Autor: James P. Roberts Data: A: Sheldon Hearn, barryp CC: exim-users Assumpte: Re: [Exim] CRLF input through pipe causes mangled headers
> > I used tcpdump to take a look at the traffic Exim was generating > > both for SMTP and LMTP delivery of these CRLF terminated messages,
> > and found that Exim *is* modifying the message bodies, adding an
> > extra CR, so the lines end up transmitted over the wire with CRCRLF
> > terminations.
> >
> > So Exim is already violating point #1, but it has to, because
> > as Philip said - it's a Unix world, and most files have just LF
> > termination. Exim usually needs to add CR to make it legal SMTP -
> > it's just that in this case, they're already there, but unfortunately
> > Exim is just blindly adding some more.
>
> Hang on, you're misunderstanding the results you see. You're looking at
> the message "in transit", where it's governed by network transport
> rules. Those extra CRs you're seeing are removed at the other end of
> the transport pipe, as mandated by the standards.
>
> What we're talking about, with respect to changing message bodies, is
> that Exim shouldn't make changes that are visible OUTSIDE the scope of
> transport.
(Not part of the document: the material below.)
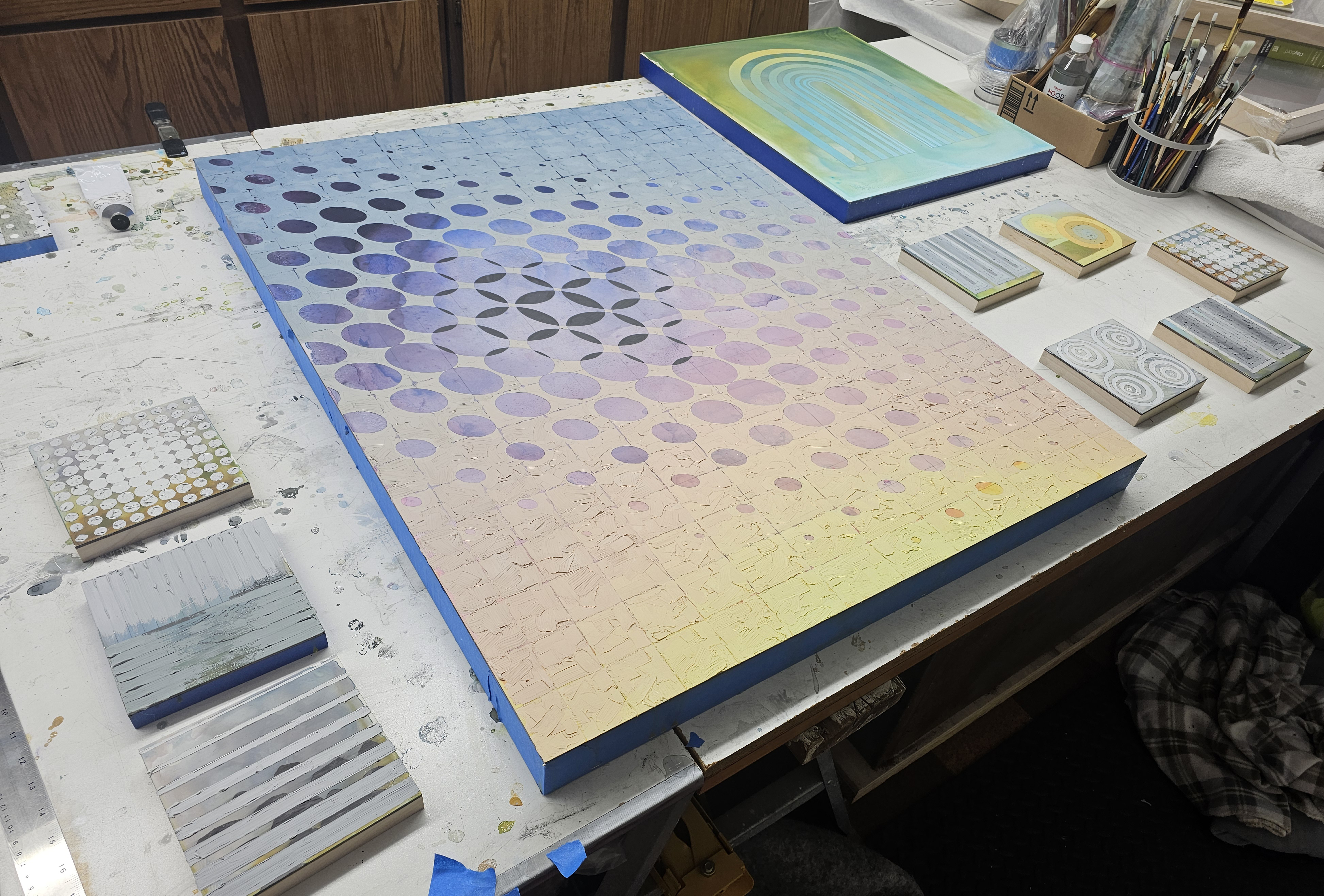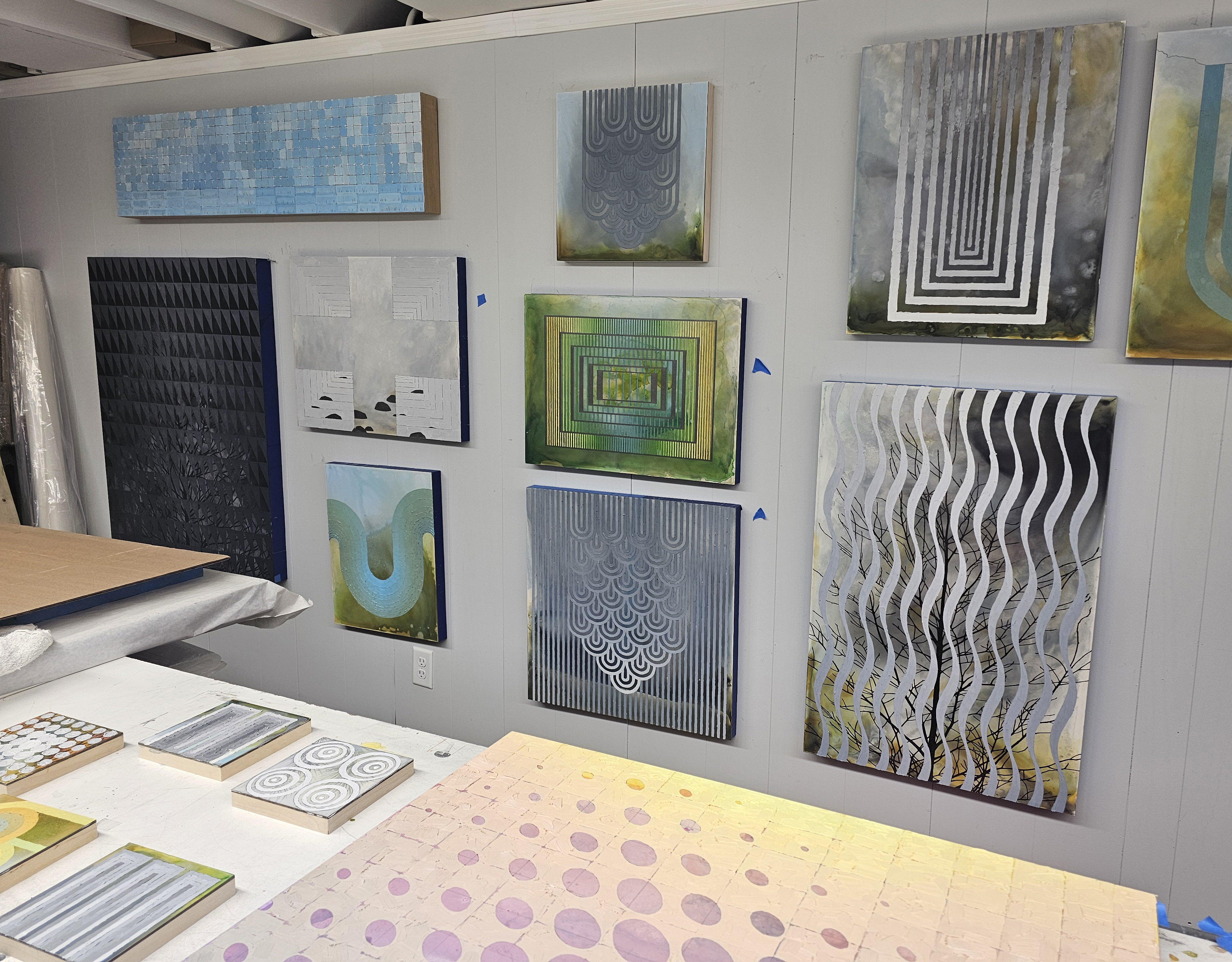 As installation day approaches, my focus has shifted to the less glamorous (but deeply satisfying, sometimes nerve-wracking) final tasks: varnishing surfaces, attaching picture-hanging hardware, and tying up loose ends so the work is ready to leave the studio. Preparing for a solo show always sharpens how pieces speak to one another, and works made months apart are now clearly in conversation—about light, atmosphere, and transition.

This is also mandated (to varying degrees depending on
> context) by the standards.
>
> Ciao,
> Sheldon.
Ah. Thanks for the clarification. I completely agree with that concept.
Just as, for example, using SSL to encrypt a message in transport, which
obviously modifies things in transit, but make no changes to the contents
coming out the other end of the pipe. Cool. I think I get it.